• [REQUIRED WORK]
Your response should consist of the entries below, reproduced exactly and without their images.

• [Data entries]
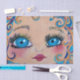 Pintura de rosto de boneca de uma garota com grandes olhos azuis
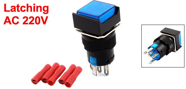 AC220V Blue Pilot Light Latching Rectangle Pushbutton Switch w Wiring Terminals
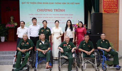 Nhân kỷ niệm 78 năm Ngày Thương binh - Liệt sĩ (27/7/1947 - 27/7/2025), chiều 26/7, Đoàn công tác của Quỹ Từ thiện Công đoàn Giao thông vận tải Việt Nam do ông Quách Xuân Vinh - Giám đốc Quỹ Từ thiện Công đoàn Giao thông vận tải Việt Nam làm Trưởng đoàn đã đến thăm, tặng quà thương binh, bệnh binh tại Trung tâm Điều dưỡng, chăm sóc người có công tỉnh Hưng Yên và Trung tâm Điều dưỡng Thương binh Duy Tiên tỉnh Ninh Bình.
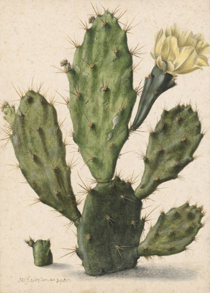 Flowering fig cactus, Herman Saftleven, 1683. Made with a brush and watercolour. A beautiful watercolour
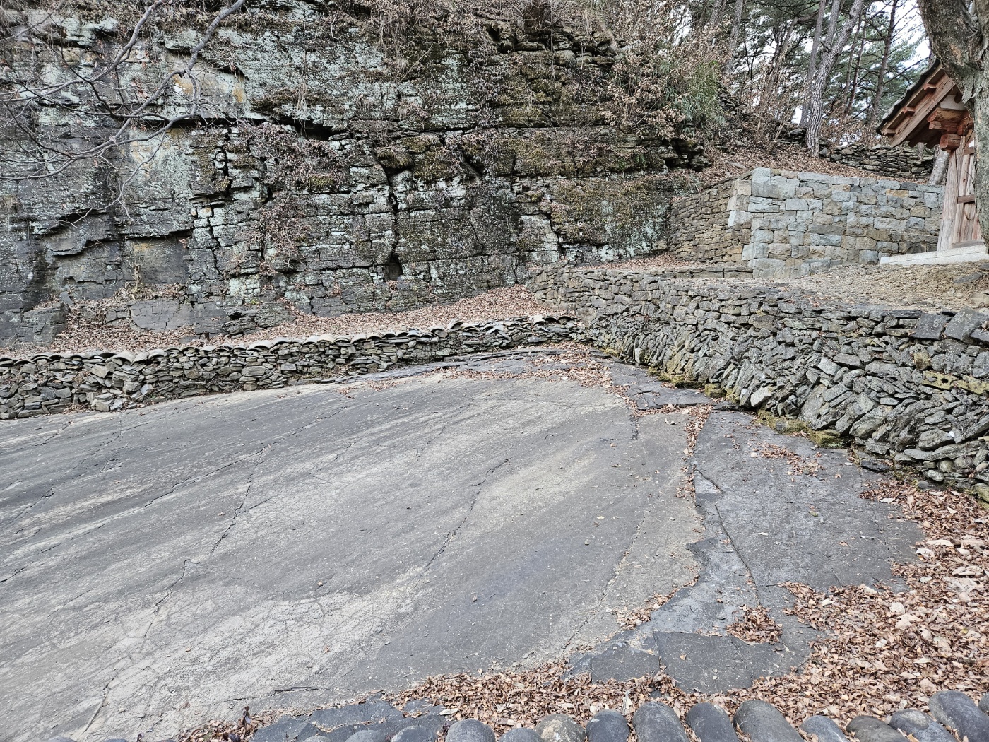 큼직한 너럭바위가 있다. 원래 탑이 그 위에 있었다는데, 터 규모로 봐선 고려시대에도 절 건물은 너럭바위 뒤가 아닌 앞에 들어섰을 것이다.
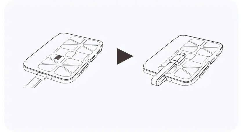 Khi không sử dụng, hãy cất giữ màn hình selfie như hình minh họa để tránh đầu cáp va đập vào màn hình. Tránh làm rơi màn hình selfie hoặc để nó chịu tác động mạnh và bề mặt cứng, vì điều này có thể gây hư hỏng.
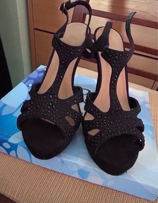 sandalia de ante color negro con incrustaciones de pedreria,usadas una vez
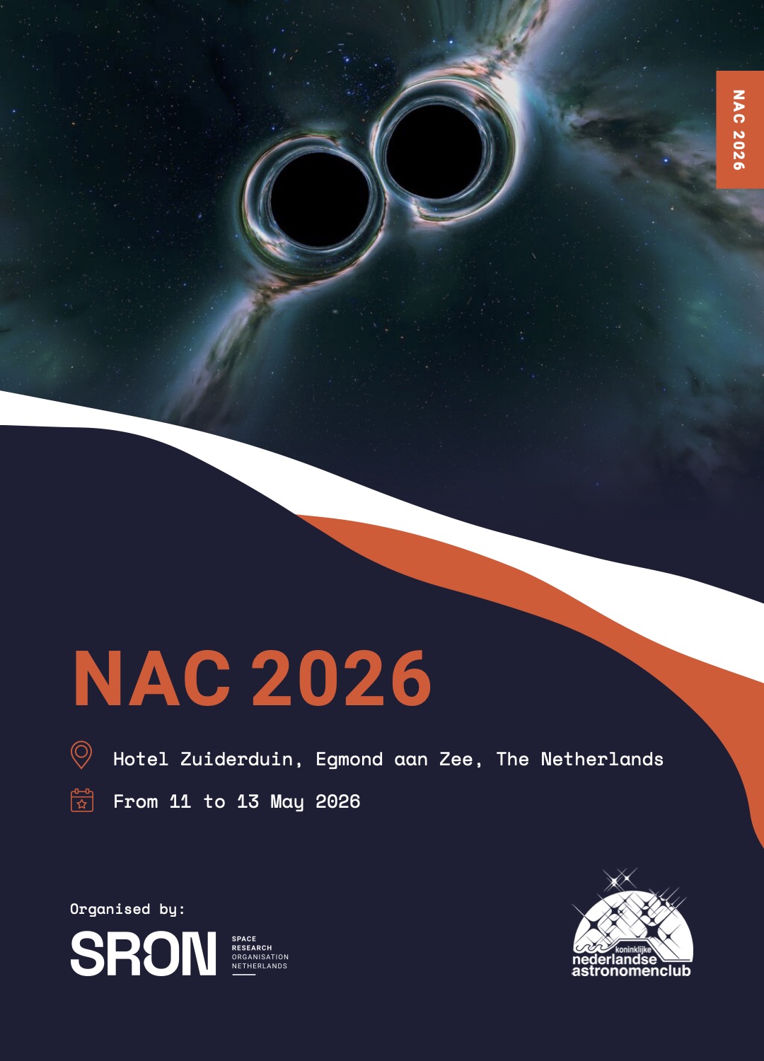 The Netherlands Astronomy Conference 2026 will take place in Egmond aan Zee in Hotel Zuiderduin from May 11 to May 13. It will be organized by SRON.
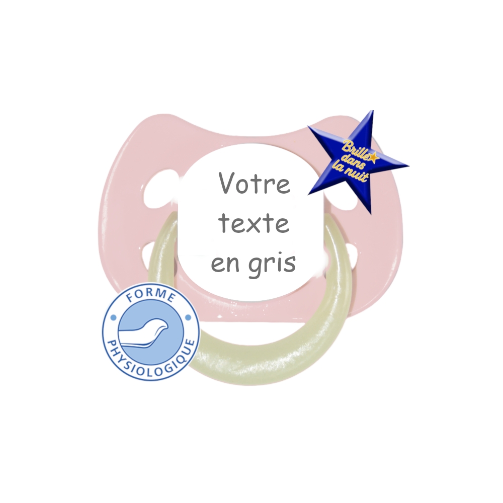 Cette sucette personnalisée est équipée d'une Sucette de haute qualité et s'adapte idéalement à la forme du palais de bébé.
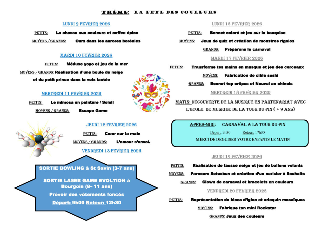 Le programme des vacances

• [EXERCISE ANSWER]
 Pintura de rosto de boneca de uma garota com grandes olhos azuis
 AC220V Blue Pilot Light Latching Rectangle Pushbutton Switch w Wiring Terminals
 Nhân kỷ niệm 78 năm Ngày Thương binh - Liệt sĩ (27/7/1947 - 27/7/2025), chiều 26/7, Đoàn công tác của Quỹ Từ thiện Công đoàn Giao thông vận tải Việt Nam do ông Quách Xuân Vinh - Giám đốc Quỹ Từ thiện Công đoàn Giao thông vận tải Việt Nam làm Trưởng đoàn đã đến thăm, tặng quà thương binh, bệnh binh tại Trung tâm Điều dưỡng, chăm sóc người có công tỉnh Hưng Yên và Trung tâm Điều dưỡng Thương binh Duy Tiên tỉnh Ninh Bình.
 Flowering fig cactus, Herman Saftleven, 1683. Made with a brush and watercolour. A beautiful watercolour
 큼직한 너럭바위가 있다. 원래 탑이 그 위에 있었다는데, 터 규모로 봐선 고려시대에도 절 건물은 너럭바위 뒤가 아닌 앞에 들어섰을 것이다.
 Khi không sử dụng, hãy cất giữ màn hình selfie như hình minh họa để tránh đầu cáp va đập vào màn hình. Tránh làm rơi màn hình selfie hoặc để nó chịu tác động mạnh và bề mặt cứng, vì điều này có thể gây hư hỏng.
 sandalia de ante color negro con incrustaciones de pedreria,usadas una vez
 The Netherlands Astronomy Conference 2026 will take place in Egmond aan Zee in Hotel Zuiderduin from May 11 to May 13. It will be organized by SRON.
 Cette sucette personnalisée est équipée d'une Sucette de haute qualité et s'adapte idéalement à la forme du palais de bébé.
 Le programme des vacances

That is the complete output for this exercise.